Nani, in turn, looked to Satori. “You guys dragged me here against my will,” she said. “This was all Jessica’s idea. She’s been the one behind it.” Not exactly a vote of confidence, and for an instant Jess worried she would lose the popular support. Until Nani continued: “But,” she said, “however we got here we are, in fact, here. Jess is right. We’re here.” She looked around the bridge, circling her arms as if to say: Stop and look. Really look at where we are. At what we’re sitting in the middle of.
She lowered her arms and continued. “We have some big decisions to make. No matter how we did it, no matter how we got here, we’re here. And starting now it would be best if we decided on things as a group.”

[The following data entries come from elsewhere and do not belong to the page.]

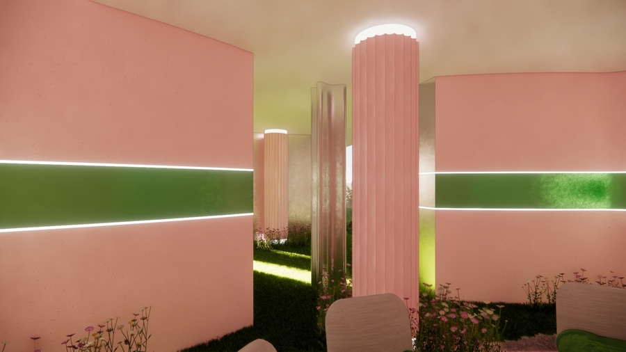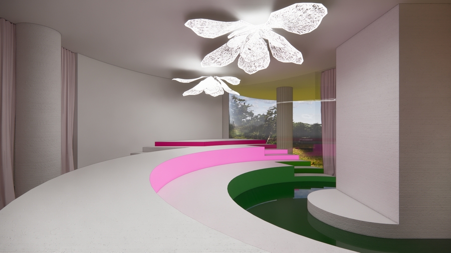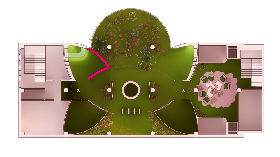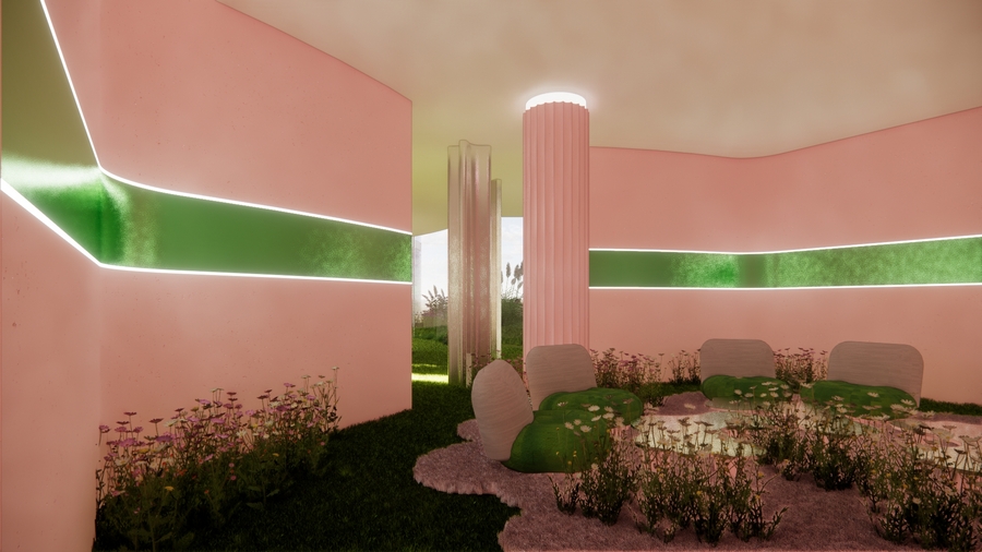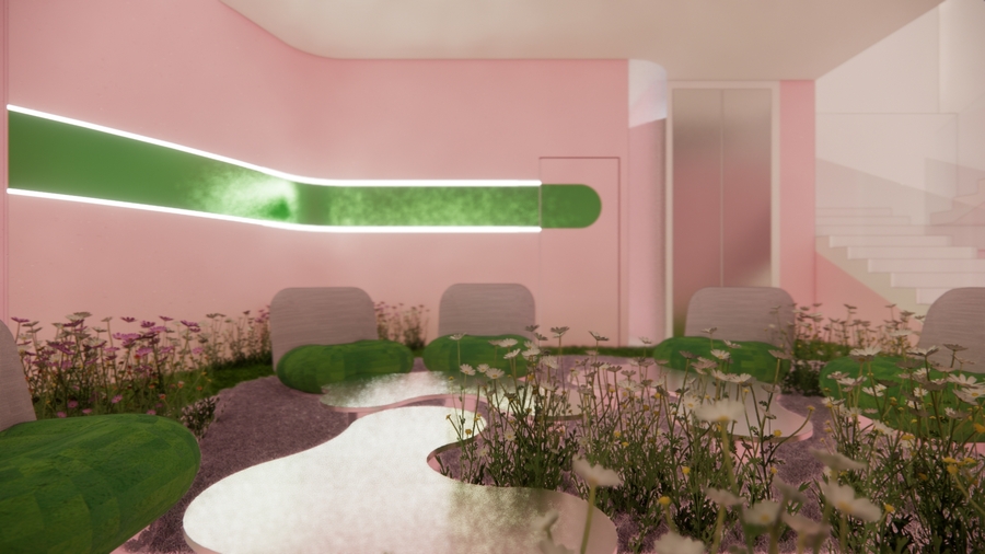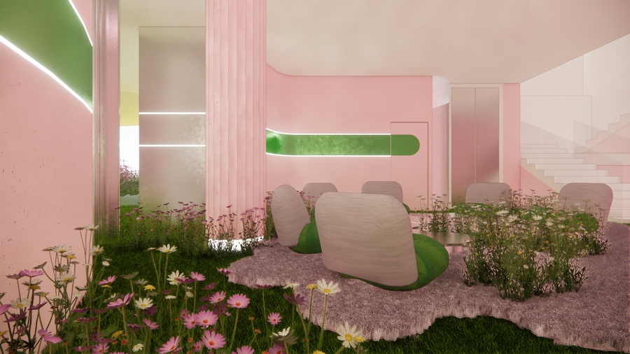 Яркие цвета для первого этажа были выбраны с целью передать красочное детское воспоминание о лете и бабочках в саду. Зеленый цвет ассоциируется с природой, ростом и жизнью, а розовый цвет добавит нежности и тепла.
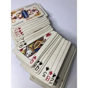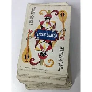 The product is a set of playing cards featuring a New Orleans scene with a horse-drawn carriage, published by Western Publishing Co. The brand responsible for the card set is Whitman. The cards are likely to have a Western or historical theme, with animal motifs likely to be included in the illustrations. Ideal for collectors or those interested in vintage playing card sets, this product offers a unique and nostalgic glimpse into a bygone era.
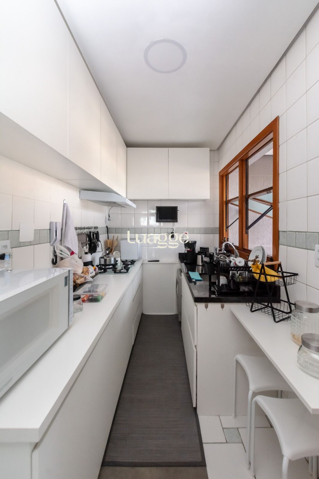 Todos os móveis sob medida de excelente qualidade permanecem no imóvel, incluindo móveis planejados nos dormitórios, cozinha, área de serviço e espaço gourmet. Existe também a possibilidade de instalar um terceiro dormitório na parte superior.

Satori bristled. “We’re not—”
“Listen to what she’s saying.” Zac implored. “Things are different now. This isn’t the same situation we were in just a few days ago. We’ve done what we’ve done and now … The past is behind us. That may sound dumb but it’s true. This is the present. The now. A clean slate, and we have to be careful how we make the future. I know I just woke up, I know I missed a lot, but we do have a responsibility, a new responsibility, to more than just our people back home. Our responsibility is to mankind. Right here is a whole other planet, full of people just like on Anitra.” He pointed until everyone, even Satori, turned to the front of the bridge and the spectacular view of Earth. “If we have a chance to do something greater,” he said, “we have to do it. We have to base our decisions on that. Not past ideas.
“Look,” he said, and Jess absolutely loved the way he was charging to her support. “We’re halfway into this already. Let’s not turn around. We’re here, now, and according to Nani we can do something.